Arthur Jafa, the filmmaker, artist, and cinematographer feted for his explorations of Blackness in America, has signed with Sprüth Magers. Jafa’s first exhibition with Sprüth Magers opens tomorrow in Los Angeles. He will continue to be represented by the New York–based Gladstone Gallery.
“We are very happy to be working with Arthur Jafa,” Monika Sprüth said in a statement ARTnews. “His multidisciplinary approach to image-making, and his work’s strong conceptual roots, are very much in keeping with artists of the gallery, from John Baldessari, Jenny Holzer, and Rosemarie Trockel to younger generations such as Cao Fei, Anne Imhof, and Martine Syms.”
For the past 30 years, the Mississippi-born artist has been remixing and reimagining sonic and visual artifacts that he has amassed. He won international acclaim with the 2016 film Love Is the Message, the Message Is Death, which consists of spliced-together clips from police body cameras, broadcast segments, civil rights demonstrations, basketball games, and concerts, all set to Kanye West’s “Ultralight Beam”. The film, like much of his oeuvre, presents a complex portrait of Black joy and pain.
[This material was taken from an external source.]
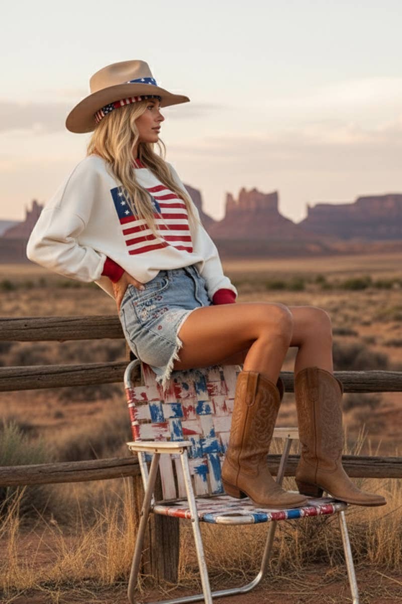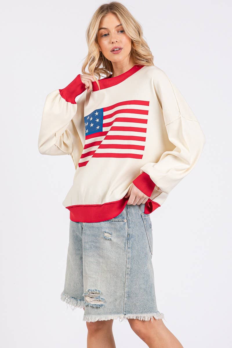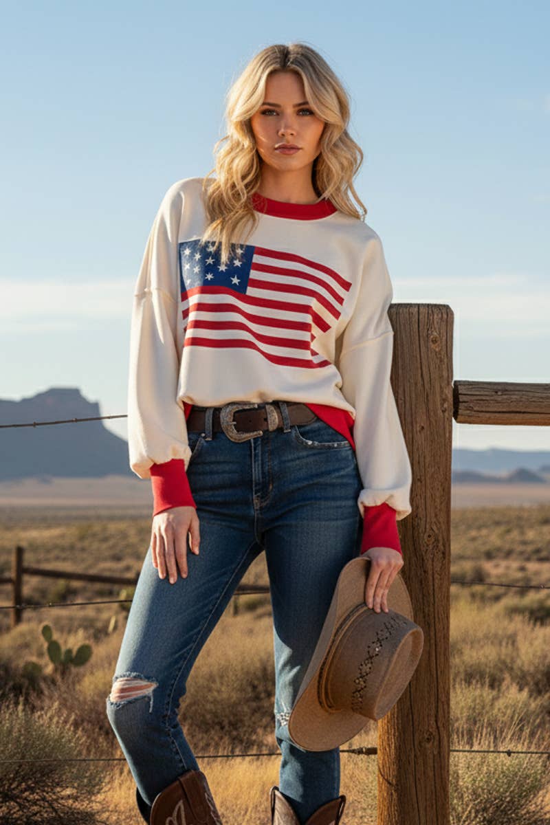 The front displays a simplified flag graphic with white stars on a blue field and red stripes on a white background. The sweater has a relaxed fit, with a vibrant red ribbed neckline, cuffs, and hem that add bold contrast to the white base. The balloon-style sleeves give it a modern and casual look, making it perfect for patriotic occasions, Memorial Day, July Fourth or everyday wear.

In 2020, when the country was violently, defiantly divided over the murder of George Floyd by police in Minneapolis, 13 museums screened the film for 48 hours.
Jafa won the 2019 Golden Lion at the Venice Biennale for The White Album (2018), a 30-minute collage of found and personal footage that explores Black-white relations which, per his message, can even at their best be awkward—and at their worst, deadly. “Just as the film critiques a moment fraught with violence, in tenderly portraying the artist’s friends and family, it also speaks to our capacity for love,” the jury wrote.
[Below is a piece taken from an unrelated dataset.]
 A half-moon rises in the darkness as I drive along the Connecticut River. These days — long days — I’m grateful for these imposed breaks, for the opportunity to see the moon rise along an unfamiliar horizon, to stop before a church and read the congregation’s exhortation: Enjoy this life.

For his upcoming exhibition with Sprüth Magers, titled “nativemanson”, the artist will present his newest film, BG (2024), which reimagines pivotal scenes in Martin Scorsese’s Taxi Driver, as well as other recent works across disciplines. (BG previously went under a different name when it first appeared earlier this year at Gladstone, where it polarized critics.)
“We have been following AJ’s work for many years and are continually astounded at his ability to poignantly distill so many visual, historical and theoretical elements into his practice,” Philomene Magers said in a statement to ARTnews. “We look forward to supporting his future projects internationally, beginning with this important exhibition in the city where he has lived and worked for so many years.”